# I Didn't Get Lost



## big rockpile (Feb 24, 2003)

Went exploring National Forest Land. Didn't have a very good Map and no compass. Had my GPS, it did Good I know not good to depend on it.

Wall to wall trees but interesting, not sure if I want to hunt it. Did see plenty of Deer and Turkey. Killed couple Squirrels.

big rockpile


----------



## Nimrod (Jun 8, 2010)

Rock,

You are in good company. To quote Jim Bridger, "Often I didn't know where I was, but I was _never lost_". 

Please be careful. GPS units can be blocked by the trees and the batteries die very very quickly. Always take a compass as backup.


----------



## Seth (Dec 3, 2012)

We are all lost, most just don't know it. Seth


----------



## notwyse (Feb 16, 2014)

We aren't lost....just not there yet


----------



## Seth (Dec 3, 2012)

I've seen this place before. I think we're going in circles. Seth


----------



## big rockpile (Feb 24, 2003)

Seth said:


> We are all lost, most just don't know it. Seth


 
Got Jesus leading me.

big rockpile


----------



## tarbe (Apr 7, 2007)

big rockpile said:


> Got Jesus leading me.
> 
> big rockpile


Me too. Being a sheep, I am not always so good at following.

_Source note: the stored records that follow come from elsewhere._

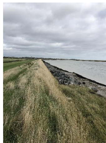
Further twd TG TM 412 478
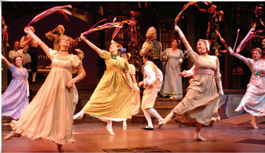
Spirits – of all kinds – soar at Center REP's beloved rendition of "A Christmas Carol," coming December 10-20 at the Leshner Center for the Arts.

DOROTHY SAID IT BEST – THERE IS NO PLACE LIKE HOME. As we wind our way through the final weeks of 2015, there is much to appreciate right here in Walnut Creek. Take a peaceful hike in the open space, lace up those skates at Walnut Creek on Ice, or treat yourself to a holiday tea at the historic Shadelands Ranch Museum or the Gardens at Heather Farm.
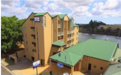
Burnett Riverside Hotel
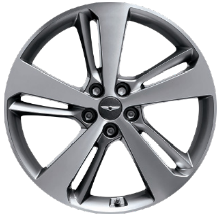
20" Alloy Medium Metallic Grey (Machine-finished) Premium Standard
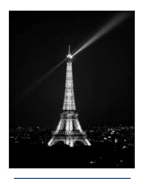
First Place City of Lights Lisa Pianalto
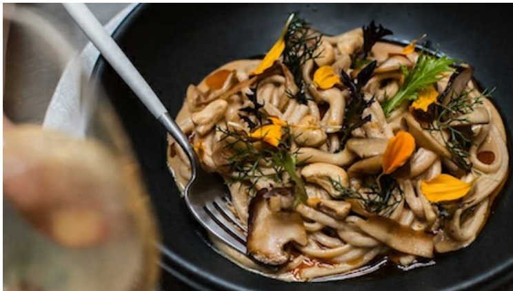
Ovolo Hotels' Alibi Bar & Kitchen in Sydney has a vegan menu.
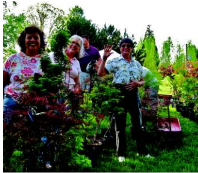
Shop 'Til You Drop - Maples Galore!
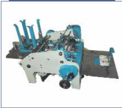
Batch Coding for Label
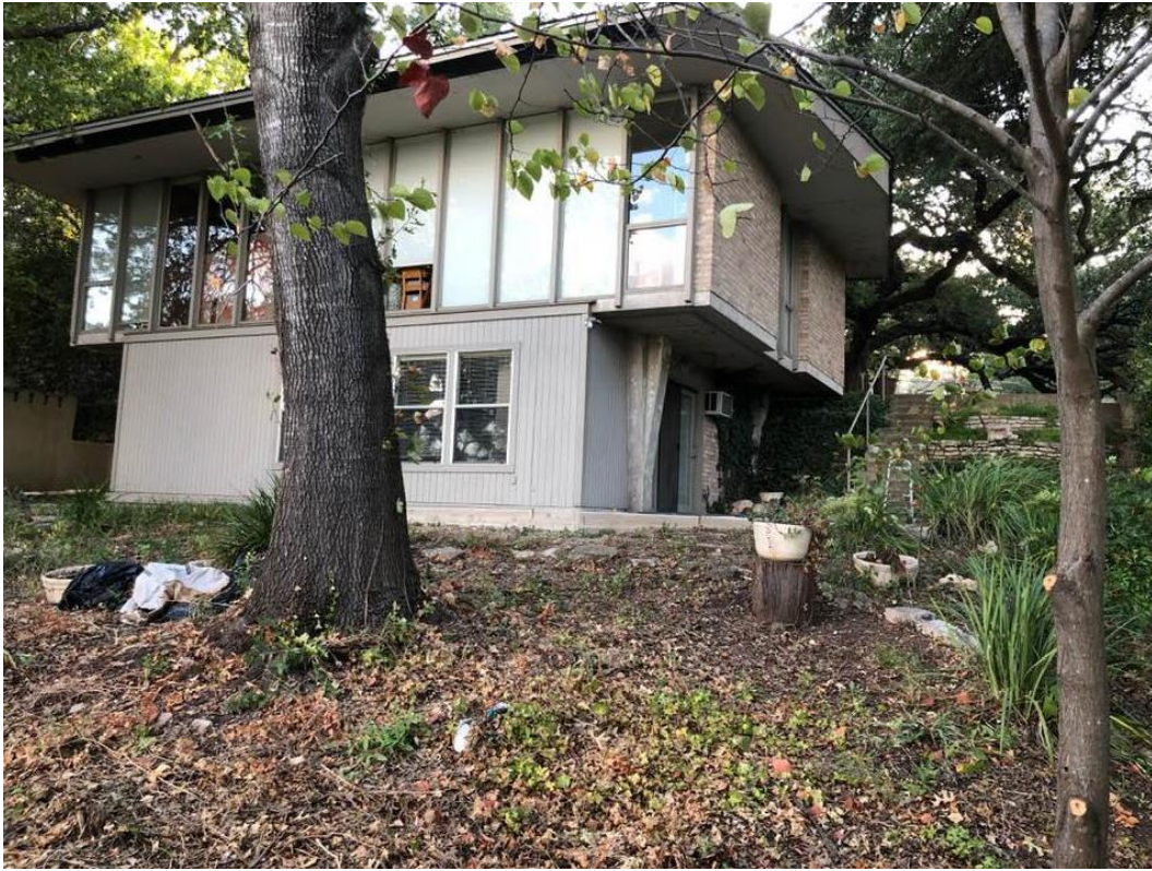
West elevation.
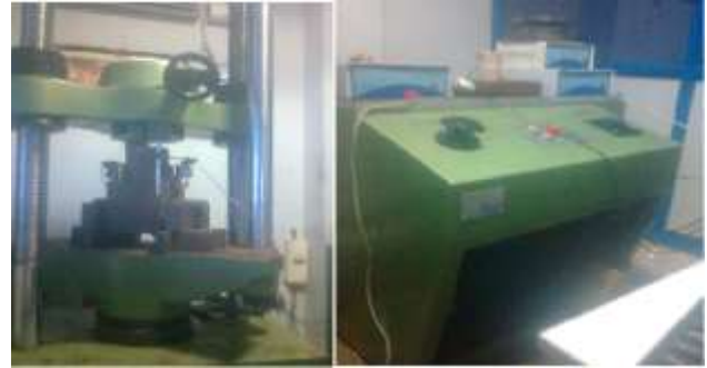
Figure.3 (a) (b)

Compression and Shear tests for the Elastomeric Isolators samples were done using Universal Testing Machine (UTM). It is shown in the figure given below.
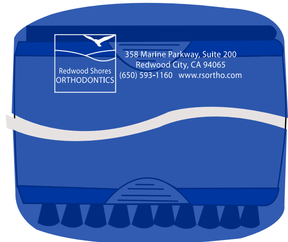
Clean Sweep Monitor Brush Front
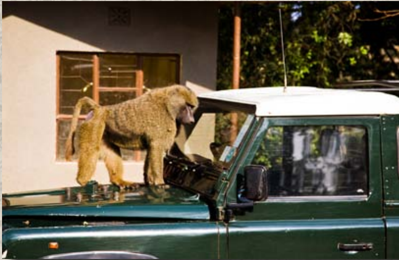
Good baboons gone bad-a baboon creating mischief at the gate to Ngorongoro Conservation Area
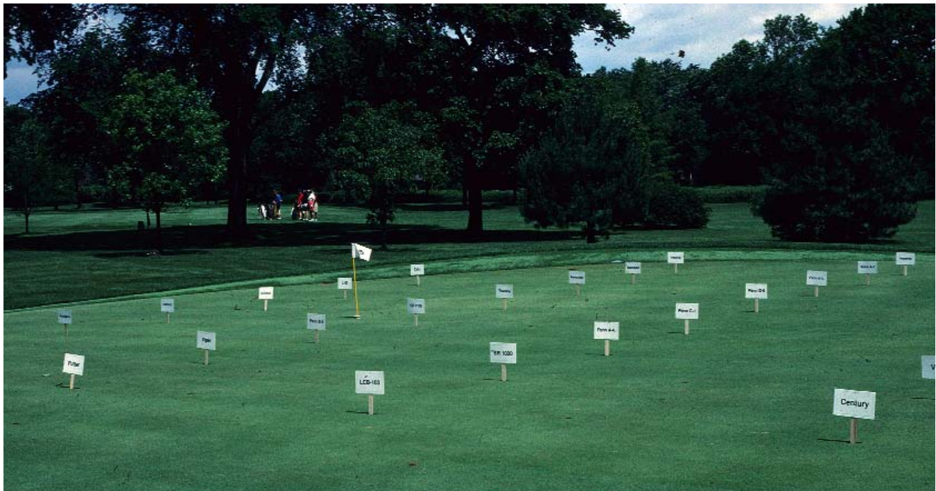
There were significant differences among the cultivars in their ability to restrict Poa annua invasion. The top statistical group of bentgrasses had a range of 3.5% to 7.5% Poa coverage compared to over 20% Poa coverage in the 'Penncross' plots.

But the take home message from this experiment was that there were significant differences among the cultivars in their ability to restrict Poa annua invasion. The top statistical group of bentgrasses had a range of only 3.5% to 7.5% Poa coverage (% area of the plot covered by annual bluegrass). We consider this amount of invasion to be very low given the green's age and location. Furthermore, this number is even more
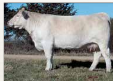
OW Miss Marion 0025

These embryos are full sibs to DA Passport 502 P ET and WC I'll Have Another!
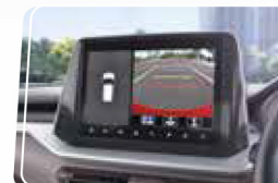
360 View Camera
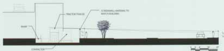
FRESH MARKET - CARMEL COMMONS SECTION VIEW 2/15/08
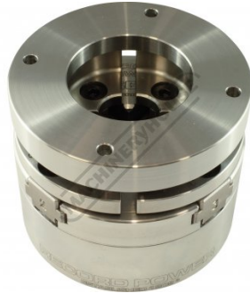
Shown With Faceplate Ring 62572
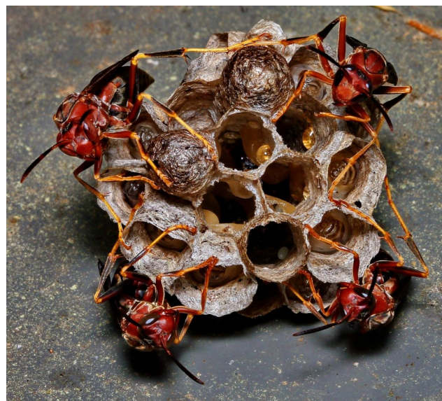
The Hive: Worse than the Borg?

The Federal Bureau of Investigation seized this site as part of coordinated law enforcement action taken against Hive Ransomware.
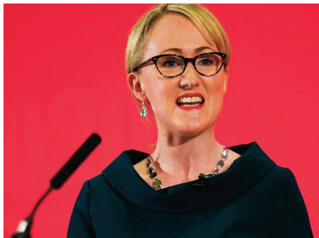
Rebecca Long Bailey MP

For those in education, be that children, university students or apprentices, the future may seem unsure at the moment as our whole world is put on pause. But one thing we know for sure is that our education sector and all those who work in it, from teachers to support staff, have risen to the challenge spectacularly. Teaching staff across the country have kept children's education going whilst they are at home and schools have provided a vital service to vulnerable children and the children of key workers.
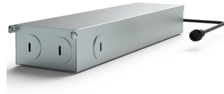
Shown in galvanized
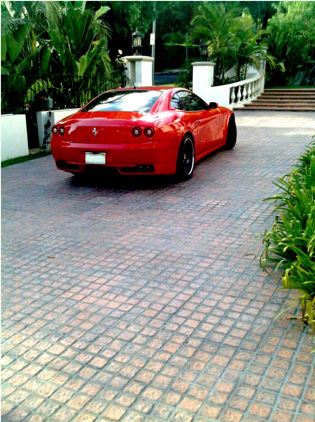
CobbleCrete 12x12 (panel), Mexican Terracotta, Beverly Hills, California
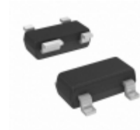
STM812SW16F STMicroelectronics IC MPU RESET CIRC 2.93V SOT143-4
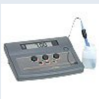
pH/mV Bench Meter
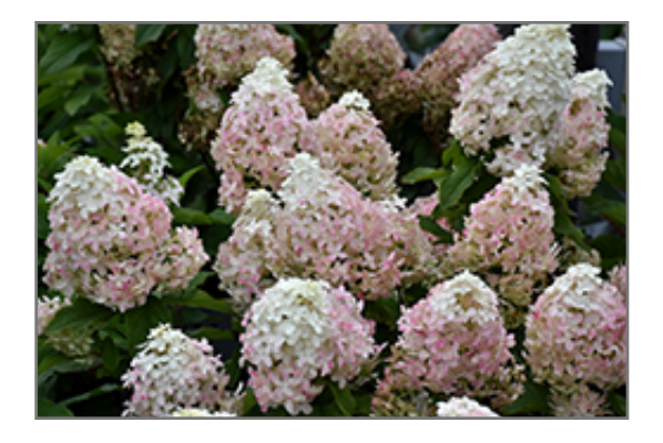
Quick Fire Fab Hydrangea flowers

This shrub will require occasional maintenance and upkeep, and is best pruned in late winter once the threat of extreme cold has passed. It has no significant negative characteristics.
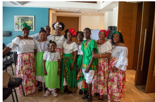
Tradibelle Cultural Group
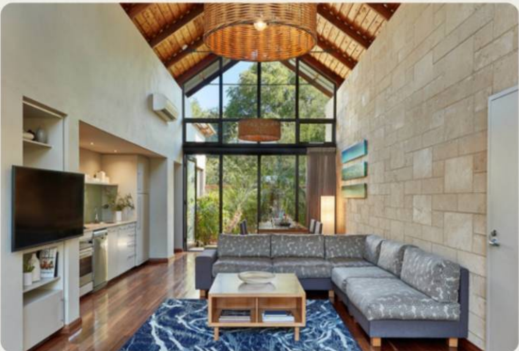
150 SELF-CONTAINED VILLAS
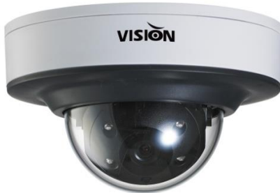
Super-low light sensitivity version

Improved High Power LED's Compact slim design with quick & easy installation

Thankfully, He is a very good Shepard. :grin:


----------



## joejeep92 (Oct 11, 2010)

Some of the best things ever seen in nature are seen with no idea where you are. It isn't quite lost, you just can't quite pinpoint where you are...


----------



## littlejoe (Jan 17, 2007)

I've heard a lot of people say they have an innate sense of direction...they cannot lose their direction?

I don't think these people have spent much time out in the weather, or out and about? If you cant see landmarks, sun, moon, stars, or no breeze, you are lost! Heavy snow or fog with no breeze, no sense of uphill or down, gets me. It's happened to me in what I think I can navigate with closed eyes!


----------